Data supplied
^^^^^^^^^^^^^^^^

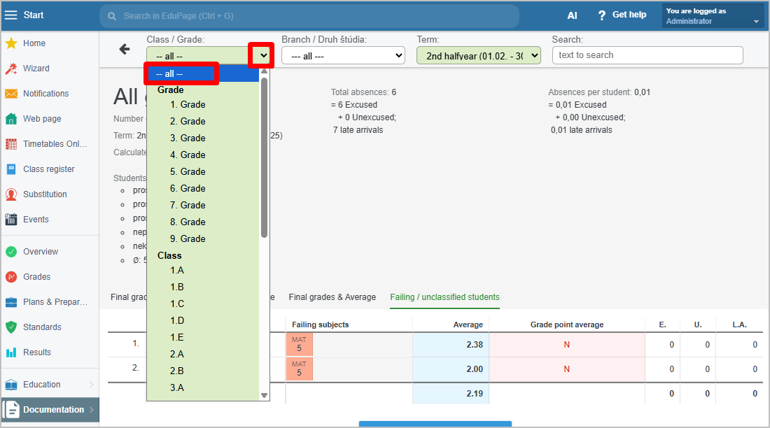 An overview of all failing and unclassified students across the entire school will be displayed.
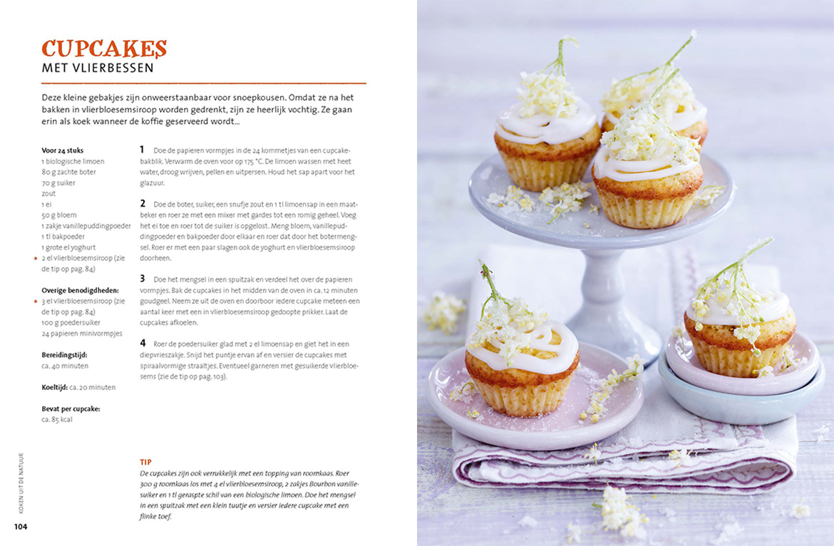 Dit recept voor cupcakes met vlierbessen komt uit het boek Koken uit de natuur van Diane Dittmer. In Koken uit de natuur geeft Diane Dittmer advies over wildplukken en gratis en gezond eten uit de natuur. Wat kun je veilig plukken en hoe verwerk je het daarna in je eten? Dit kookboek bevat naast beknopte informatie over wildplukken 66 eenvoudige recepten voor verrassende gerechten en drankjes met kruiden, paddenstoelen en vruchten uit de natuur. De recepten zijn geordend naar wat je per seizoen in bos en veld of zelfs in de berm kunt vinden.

^^^^^^^^^^^^^^^^

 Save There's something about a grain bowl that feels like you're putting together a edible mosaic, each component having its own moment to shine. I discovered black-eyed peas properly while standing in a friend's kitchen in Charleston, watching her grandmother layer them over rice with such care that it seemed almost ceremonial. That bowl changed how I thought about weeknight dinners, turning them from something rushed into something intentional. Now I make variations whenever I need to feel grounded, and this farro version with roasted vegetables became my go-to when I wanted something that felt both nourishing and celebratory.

^^^^^^^^^^^^^^^^

Task goal
Everything between and including the line above containing "An overview of" and the line containing "Dit recept voor" should be reproduced exactly, with pictures excluded.

Solution to this task
 An overview of all failing and unclassified students across the entire school will be displayed.
 Dit recept voor cupcakes met vlierbessen komt uit het boek Koken uit de natuur van Diane Dittmer. In Koken uit de natuur geeft Diane Dittmer advies over wildplukken en gratis en gezond eten uit de natuur. Wat kun je veilig plukken en hoe verwerk je het daarna in je eten? Dit kookboek bevat naast beknopte informatie over wildplukken 66 eenvoudige recepten voor verrassende gerechten en drankjes met kruiden, paddenstoelen en vruchten uit de natuur. De recepten zijn geordend naar wat je per seizoen in bos en veld of zelfs in de berm kunt vinden.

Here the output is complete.